Dali em diante foram duas semanas do mais puro deslumbre. Hospedado na casa daquele meu tio, casado com Cecilia, uma belenense raiz, que lhe deu “apenas” 5 filhas e 4 filhos, fui tratado como um rei e, obviamente, com tantos primos não me faltaram cicerones. Os primos, todos eles, com a simpatia típica do povo daquela cidade, logo me conquistaram e ainda hoje – passados tantos anos – e com o convívio prejudicado pela distância geográfica – sempre que nos encontramos é com uma indisfarçável alegria que nos abraçamos e acarinhamos.
Naqueles quinze dias não me cansei de percorrer as ruas arborizadas com enormes mangueiras e frequentei várias vezes o Museu Emilio Goeldi e o Bosque Rodrigues Alves (misto de zoológico com jardim botânico), lugares ideais para conhecer a fauna e a flora da região. Mais do que ideais, são imprescindíveis.
Também passei bons momentos na belíssima Praça da República, que envolve o magnífico Teatro da Paz e é ladeada pelo edifício Manuel Pinto da Silva, orgulho dos belenenses por ser, à época, o mais alto do Norte e Nordeste. Tudo isso ainda está lá, maravilhosos.
Claro que conheci o famosíssimo mercado Ver-o-Peso, onde fiquei impressionado com o vaivém das embarcações de pequeno porte trazendo produtos regionais. Que logística perfeita, e sem nenhum auxílio de inteligências artificiais! Uma beleza, do alto do restaurante do Círculo Militar degustar um – hoje proibido – casquinho de muçuã, observando a movimentação daqueles barcos enquadrados na panorâmica vista da Baía de Guajará. Foram momentos mágicos e inenarráveis que nem a pátina do tempo conseguiu desbotar da minha mente. Ao sair do restaurante era, e ainda é, mandatório caminhar até a Igreja da Sé, entrar e agradecer a dádiva de estar ali. Outros preferem fazer isso na Basílica de Nossa Senhora de Nazaré. Melhor fazê-lo em ambas, por que não? O duplo agradecimento é pouco para o tamanho do privilégio.

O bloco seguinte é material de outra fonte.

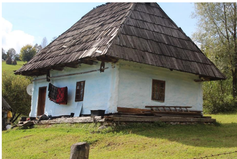
Casă tradițională comuna Bicaz-Chei

Există o componentă a patrimoniului cultural imaterial care poate genera dezvoltare economică: conservarea și perpetuarea arhitecturii tradiționale. Încă din anul 2015, o parte din arhitecții români au semnalat faptul că în satele din România se construiește haotic, importându-se modele, materiale și tehnici din străinătate, care nu se potrivesc specificului local. Locuința tradițională românească nu e cu nimic mai prejos decât modelele noi, ea este realizată folosind resursele naturale proprii, de către meșteri locali, cu utilizarea unor tehnici tradiționale, este în același timp o creație artistică (prin prisma decorurilor ornamentale folosite, rezultat al credințelor, sentimentelor, nivelului de cunoaștere atins la un moment dat și al creativității locuitorilor). Ea se află de fapt la granița dintre material și imaterial.

Indelével, também, ficou sendo o aroma doce e perfumado exalado nas proximidades da antiga fábrica Phebo, na travessa Quintino. Desde então, ao sentir o perfume daquele sabonete, relembro com gratidão da família de Jorge Valle, que, morando ali perto, me apresentou a quase sagrada maniçoba e ao melhor pato no tucupi que comi na vida.
Mas a minha Belém não se limitou à capital. Como esquecer a ilha fluvial de Mosqueiro, com suas praias de água doce. Hoje, se a ponte que a liga ao continente reduziu o tempo da viagem, também acabou com a paquera que rolava solta na espera da balsa. Mas por que não ir mais longe conhecer as praias de Salinópolis? Fui. Valeu muito a pena, até aproveitando para conhecer o centro histórico da cidade de Bragança, com sua arquitetura do século XIX.
E os ritmos locais? Confesso que ao Tecnobrega atual eu continuo preferindo o Siriá e o Carimbó, que me conquistaram naquela primeira viagem.
Voltei algumas poucas vezes e a cidade cresceu. E soube fazê-lo. O visitante atual, além de tudo aquilo que me fez apaixonar pela cidade, conhecerá o Mangal das Garças, a Estação das Docas, o novo Mercado São Braz, o Espaço São José Liberto e o Museu de Gemas, ambos em antigo presídio. E as iluminações dos diversos prédios públicos, hein?
E, certamente, esse turista concordará com a frase que vi em um grafite que poluía o muro do colégio Gentil: “Quem foi ao Pará, parou. Provou açaí, ficou.”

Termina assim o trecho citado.